Applications made under s 394 (unfair dismissals) and s 365 (general protections dismissal applications) are two of the types of application that are referred to ss 726 to 732. Section 727 applies if the relevant person has made a general protections application to the Commission in relation to the dismissal, and that application has not been withdrawn, has not failed for want of jurisdiction, and has not resulted in the issue of certificate under s 368. Section 729 applies if the person has made an unfair dismissal application in relation to the dismissal, and the application has not been withdrawn and has not failed for want of jurisdiction.
On 27 December 2022, Ms Ellis made a general protections application under s 365 of the Act. On 30 January 2023, Ms Ellis made her unfair dismissal application. As of 30 January 2023, s 727 applied to Ms Ellis: she had made a general protections application; that application had not been withdrawn or failed for want of jurisdiction; and it had not, at that stage, resulted in the issue of a certificate by the Commission under s 368.
Shortly afterwards, on 2 February 2023, Commissioner McKinnon issued a certificate in relation to Ms Ellis’s general protections application, allowing her to take her complaint to a court.
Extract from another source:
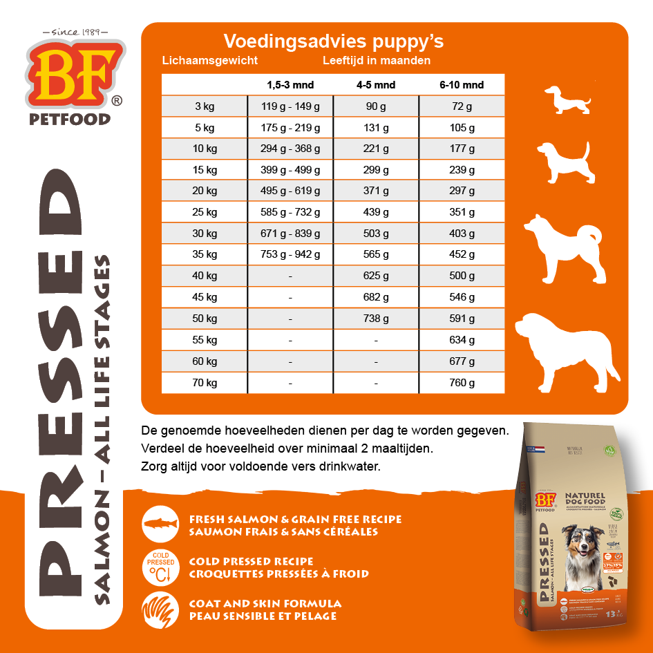 Onze BF® geperst zalm is een hoogwaardige volledige smaakvolle, graan- en glutenvrij natuurlijke hondenvoeding voor elke hond, van pup, adult tot senior. Voor normale, actieve en voedingsgevoelige en kieskeurige honden of moeilijke eters. Met naast verse zalm o.a. ook zalmolie, cranberry en een graanvrije formule. Gist, vezels en prebiotica ondersteunen de spijsvertering. Hoge acceptatie en licht verteerbaar. Bevat lekker veel Schotse zalm, vers en gedroogd, als enige dierlijke eiwitbron. Lage maagbelasting en verhitting van de brok. Inuline FOS (prebiotica) stimuleert de darmflora en ondersteunt hiermee de gezondheid. Ondersteunt huid en vacht, gebit en een gevoelige spijsvertering. Hondenvoeding die een optimale vertering, ontlasting en conditie van uw hond ondersteunt.

If Ms Ellis had made her unfair dismissal application after the certificate had been issued, s 727 would not have applied to Ms Ellis, and s 725 would not have prohibited her second application. However, the question of whether a second application relating to a dismissal is prohibited by s 725 of the Act is assessed at the time at which it is made, in this case, 30 January 2023.
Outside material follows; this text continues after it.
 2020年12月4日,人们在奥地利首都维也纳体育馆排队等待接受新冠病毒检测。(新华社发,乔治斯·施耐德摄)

It is clear that on 30 January 2023 Ms Ellis, a person who had been dismissed, made an application of a kind referred to in s 729 (an unfair dismissal application) in relation to her dismissal at a time when s 727 applied. Ms Ellis’s unfair dismissal application was made contrary to s 725. The fact that Commissioner McKinnon later issued a certificate in relation to the s 365 application does affect this conclusion.
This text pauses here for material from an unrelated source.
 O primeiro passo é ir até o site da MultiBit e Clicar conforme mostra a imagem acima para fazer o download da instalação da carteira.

Section 587(1) states that the Commission may dismiss an application that is ‘not made in accordance with this Act’ (s 587(1)(a)), or one that has ‘no reasonable prospects of success’ (s 587(1)(c)). It is clear that Ms Ellis’s unfair dismissal application was not made in accordance with the Act because it was made contrary to s 725. It is also clear that the application has no reasonable prospects of success because s 725 prohibited the making of the unfair dismissal application. The discretion to dismiss the matter under ss 587(1)(a) and (c) has been enlivened and it is appropriate to exercise it.
The respondent also objects to the application on the basis that it was made outside the 21-day period prescribed by s 394 of the Act. Ms Ellis seeks an extension of time. I have considered whether it would be appropriate to determine Ms Ellis’s application for an extension of time before deciding whether to dismiss her unfair dismissal application under s 587 in connection with the operation of s 725. In my view, this would not be an appropriate course. A decision to extend time could not logically affect the application of s 725. An extension of time would not alter the date on which the application was filed. It would extend the time limit from 21 days after the alleged dismissal (28 December 2022) until 30 January 2023 when the unfair dismissal application was in fact made. On that date, s 727 applied to Ms Ellis: she had filed her s 365 application and the Commission had not yet issued a certificate. I note that s 725 is a standing provision. It prohibits certain applications from being made at particular times. Its application is logically antecedent to the question of whether an extension of the 21-day period should be granted.
I appreciate that Ms Ellis is aggrieved by the circumstances of her dismissal. However, the effect of s 725 is clear. It prohibited the second application made by Ms Ellis in these particular circumstances. Given my conclusions above, it is not necessary to determine the company’s other jurisdictional objections. Pursuant to s 587(1), Ms Ellis’s application under s 394 of the Act is dismissed.